There aren’t too many places you can go when making a thriller on an airplane. Literally. And, not literally. Reminiscent of movies like Red Eye, Flightplan and Air Force One, Non-Stops biggest problem was that it wasn’t very believable.

 

Non-Stop
Directed By: Juame Collet-Serra
Starring: Liam Neeson, Julianne Moore, Nate Parker, Scoot McNairy, Michelle Dockery, Lupita Nyong’o, Shea Whigham, Corey Stoll

Premise: While on an international flight to London, U.S. Marshal Bill Marks receives a series of mysterious text messages from an unknown sender. It announces that every 20 minutes someone will be killed unless 150 million dollars is wired into an account. Through a series of unfortunate events the clues Marks finds point to him as the threat.

 

What The Movie Did Well:

The “Bad Guy” Was A Mystery – Early on, was a small comment made by one of the characters in the movie that had me convinced as to who the villain was. And in movies like this you always look for that twist. And you pat yourself on the back when you are right because you saw it coming. Well, to be honest, I didn’t see that coming, so that was a pleasant surprise. And another surprise was that the motivation of the “bad guy” had weight. It made sense. It’s something that could happen today. (I’m leaving it cryptic on purpose…you’re welcome.)

It Built Suspense – Whether it was trying to figure out who on the plane was behind all this, to waiting to see how Marks was going to get himself out of these unfortunate situations, the movie kept the tension high. Whether or not the circumstances were believable didn’t matter all that much because I just wanted to see what was going to happen. Oftentimes writers write themselves into a corner that they can’t get out of, but this movie seemed to use it as a challenge instead of as a way to hold them back. “How many corners can we write ourselves into to?”

What the Movie Didn’t Do Well

Many Of The Plot Points Were Unoriginal – Flightplan, Red Eye, Air Force One, (and there was a Lifetime movie with Lacey Chabert and Drew Seely by the same name and I watched — and by watch I mean fastforward through the boring parts —  it before I saw this movie so that didn’t help matters either…) basically, if there was a movie that happened on a plane, chances are various plot points were in those films made an appearance in this movie. I mean, for once. can the “hero” not be accused of being the villain or being crazy? Or if this is the case, than make them so. Now there’s a twist, someone one get me a pen!

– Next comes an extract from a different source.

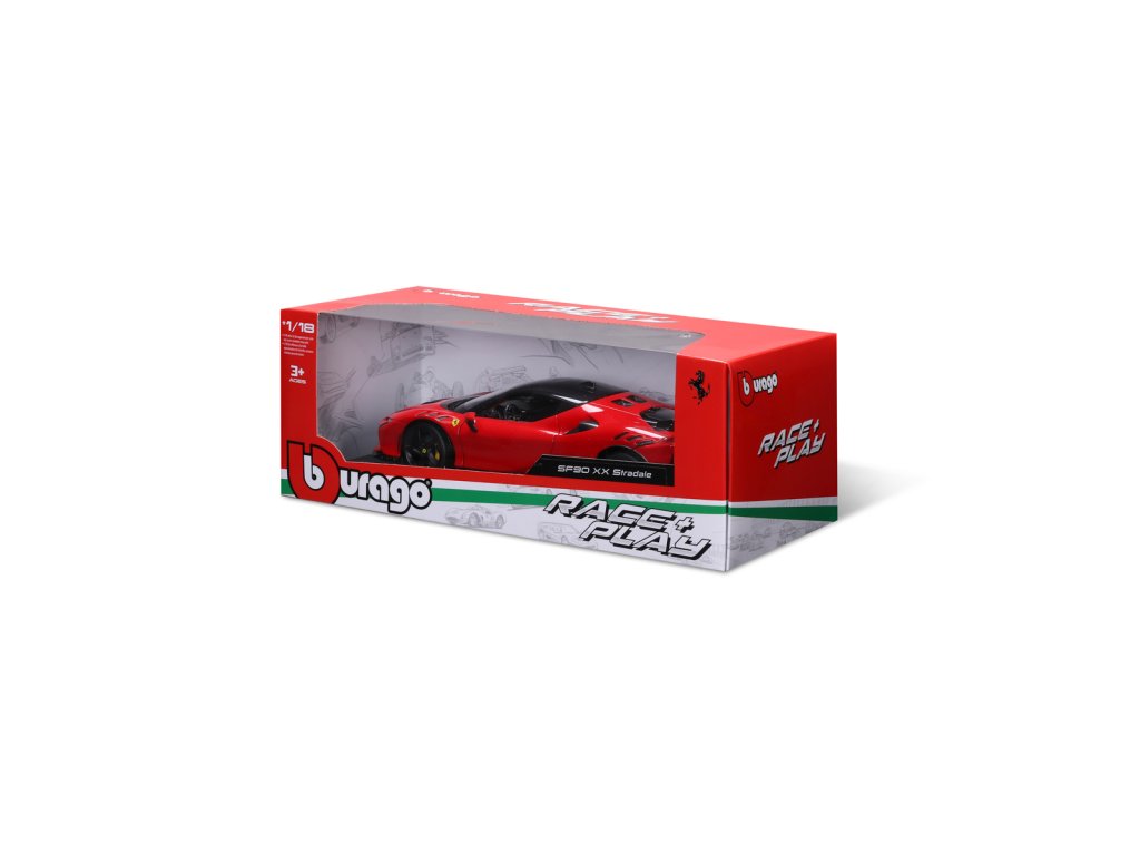 Modely automobilů Ferrari v měřítku 1:18 z kolekce RACE+PLAY jsou sbírkou krásného designu s vysokým důrazem na přesnost detailů. Detailní provedení motorových prostor, interiéru, kol a odznaků. Modely jsou vyrobeny z litého kovu s plastovými detaily. Většina modelů z kolekce má otevírací dveře, kufr nebo kapotu. Všechny modely v kolekci mají plně funkční řízení a zavěšení všech kol. Model je namontován na výstavním stojánku. Baleno v krabičce. Nevhodné pro děti do 3 let. Rozměry balení: 12,6 x 33,5 x 16,5 cm. Věk: 3+Dodatočné parametre
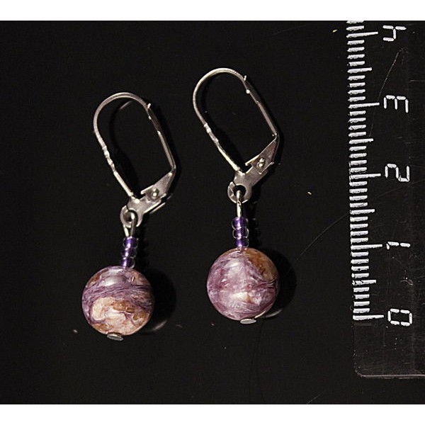 Серьги с чароитом "балерина", круг 12мм, швензы посеребрение

It Was Too Implausible – Wouldn’t you make yourself less of a spectacle by clueing other people in? Wouldn’t you seem less crazy if you acted less crazy? After such a big threat would the cockpit really open their doors again even if it was for someone they knew? Would the plane really get access to news stations? Does there always have to be the “typical terrorist”? Would taking a plane hostage for money even work now? Is the government really that quick to judge and leave everyone on their own? So. Many. Questions.

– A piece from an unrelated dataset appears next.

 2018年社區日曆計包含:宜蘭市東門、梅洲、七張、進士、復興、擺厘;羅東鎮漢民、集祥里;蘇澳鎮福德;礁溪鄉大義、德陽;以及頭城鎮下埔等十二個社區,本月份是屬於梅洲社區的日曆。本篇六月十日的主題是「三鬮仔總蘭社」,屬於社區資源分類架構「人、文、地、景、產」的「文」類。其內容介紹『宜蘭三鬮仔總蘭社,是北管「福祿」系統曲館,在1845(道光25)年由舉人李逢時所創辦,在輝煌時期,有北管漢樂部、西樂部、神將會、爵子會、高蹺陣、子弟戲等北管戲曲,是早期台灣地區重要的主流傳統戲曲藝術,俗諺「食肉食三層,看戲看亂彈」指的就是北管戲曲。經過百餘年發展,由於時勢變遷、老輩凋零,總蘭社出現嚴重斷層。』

Build Character – Every character seemed to be a stereotype instead of their own person, and when they had a chance to show their true colors they were easily swayed one way or another. And some characters just didn’t make sense at all. I literally thought to myself, “What are they doing in this group?” There was no one to root for and I found myself getting more and more frustrated with Marks as the movie went on.

Basically, I wish this movie took more creative liberties. Instead it felt like a bunch of other movies. With the exception of Air Force One, airplane hostage movies rarely work. Even Red Eye took them off the plane eventually. You can Redbox this one. Sorry, Liam Neeson, I’m not taken with this movie. (See what I did there? Yeah you did.)